The demand for scalable, high-performance computing has increased as the size of datasets has grown in recent years. However, the breakdown of Dennard's scaling has led to energy efficiency becoming an important concern in datacenters, and spawned exploration into using power-efficient processors such as GPUs (Graphic Processing Units) and FPGAs (Field-Programmable Gate Arrays) as accelerators in datacenters. In particular, the FPGA's low power consumption and the re-programmability allow datacenters to use FPGAs as highly energy-efficient accelerators for a variety of application. On the other hand, FPGA has poor programmability compared to instructions-based architectures like CPU and GPU. To facilitate the process of implementing and deploying FPGA accelerators, High-Level Synthesis (HLS) that generates functional-equivalent RTL from C-based programming languages attracts more and more attention since past decades. Nowadays, both FPGA vendors have their commercial HLS products -- Xilinx SDx and Intel FPGA SDK for OpenCL. However, modern HLS is still not friendly for software designers who have limited FPGA domain knowledge. Since the hardware architecture inferred from a syntactic C implementation could be ambiguous, current commercial HLS tools usually generate architecture structures according to specific HLS C code patterns. As a result, even though the authors have illustrated that the HLS tool is capable of generating FPGA designs with competitive performance as the one in RTL, designers must manually reconstruct the HLS C kernel with specific code patterns to achieve high performance. This problem becomes one of the main impediments to consolidating the FPGA community on cooperation and developments.
In this dissertation, we first present an automated framework that frees human efforts from code reconstruction and design space exploration (DSE). The framework creates a more comprehensive micro-architecture design space from user-written C-based kernel with the Merlin compiler, so the design point should cover the design point with better performance when compared to the HLS-pragma-based design space. To efficiently identify the best design configuration in the tremendous design space, we first propose efficient design space pruning processes that reduce the design space by 24.65x. Accordingly, we develop and evaluate several approaches, including multi-armed bandit hyper heuristic approach, gradient-based approach, and design bottleneck optimization approach. The evaluation result shows that our DSE framework is able to identify the design point that achieves on average (using geometric mean) 93.78% QoR compared to the corresponding manual design.

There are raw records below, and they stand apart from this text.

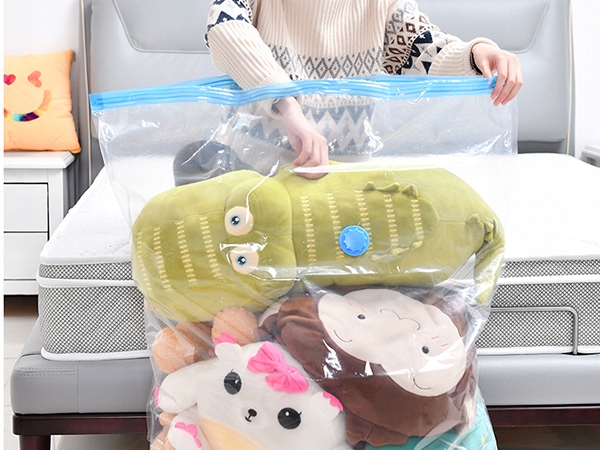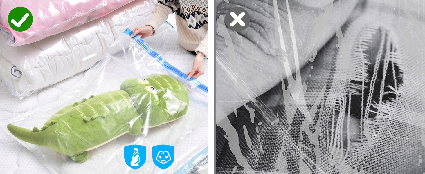 Наші вакуумні органайзери виготовлені з багатошарової плівки PA-PE, яка є міцнішою, довговічнішою та стійкішою до розривів і стирання, ніж нейлон і поліетилен. Оснащені подвійними блискавками та потрійними турбоклапанами для забезпечення герметичності для тривалого захисту одягу та багаторазового використання, вони є економічно ефективним та екологічним рішенням для зберігання!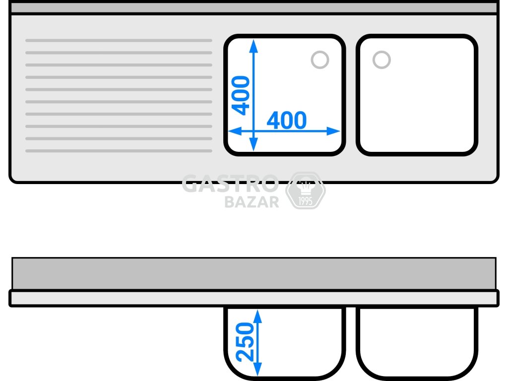 - Pracovní deska z nerezové oceli s dvojitou stěnou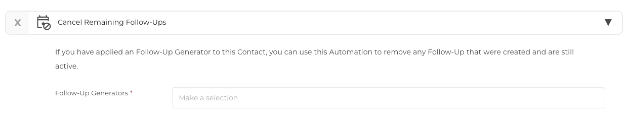 This Automation will remove/cancel any remaining Follow-ups in a currently used Follow-up Generator for the assigned Target.

Based on the proposed DSE framework, we further support automated design optimization for high level domain specific languages (DSLs). Since DSLs might not explicitly provide interfaces for users to specify design configurations, automatic DSE becomes even more important when supporting DSLs for FPGAs. Specifically, we adopt Merlin C, an OpenMP-like C-based programming model, as the intermediate representation (IR) and implement DSL-to-Merlin front-end compilers while preserving the semantic and domain-specific information such as parallel patterns, systolic patterns, and scheduling functions. We first implement Spark-to-Merlin front-end compiler that translates Spark applications in Scala to Merlin C for FPGA acceleration. By leveraging parallel patterns as scheduling hints, the generated accelerators are able to achieve 50x speedup on geometric mean for a set of machine learning kernels. In addition, we also demonstrate that our DSE framework can be even more practical for the DSLs with plenty scheduling functions. Specifically, we implement HeteroCL-to-Merlin front-end that takes HeteroCL programming model embedded in Python. Our DSE framework is capable of exploring a subset of HeteroCL scheduling primitives and let users focus on the platform independent loop transformations. With the help from the DSE framework, we achieve 27.62x speedup on geometric mean over a CPU core for a variety of compute-intensive kernels (chapter 3).
On the other hand, a main challenge of performing design space exploration for a design with arbitrary functionality is the lack of the assumption to underlying micro-architectures. As we will illustrate in the dissertation, the cost of evaluating the quality of a design point is extremely expensive (15-60 minutes) so only a limited number of design points can be explored. In addition, due to the uncertainty of vendor tool behaviors, the development of performance and resource modeling is also unrealistic. As a result, we propose composable, parallel and pipeline (CPP) architecture template to limit the design space to a certain region that is more practical and has less exceptions (chapter 4). With the CPP architecture, we are able to derive an incremental analytical model, which only requires a few HLS run to be initialized, to facilitate the DSE process.
In the last part of this dissertation, we use convolutional neural network (CNN) to demonstrate that the HLS runtime cost can be totally saved with the use of a more domain specific architecture (chapter 5). Specifically, we leverage a systolic array architecture template for CNN accelerator generation. By mapping a CNN model to the pre-defined systolic array template, we can guarantee the model accuracy and DSE efficiency. The experimental result shows that our analytical model for the architecture template achieves 96% accuracy, and the mapped CNN model achieves up to 1.2 Tops throughput on Intel Arria 10 FPGA.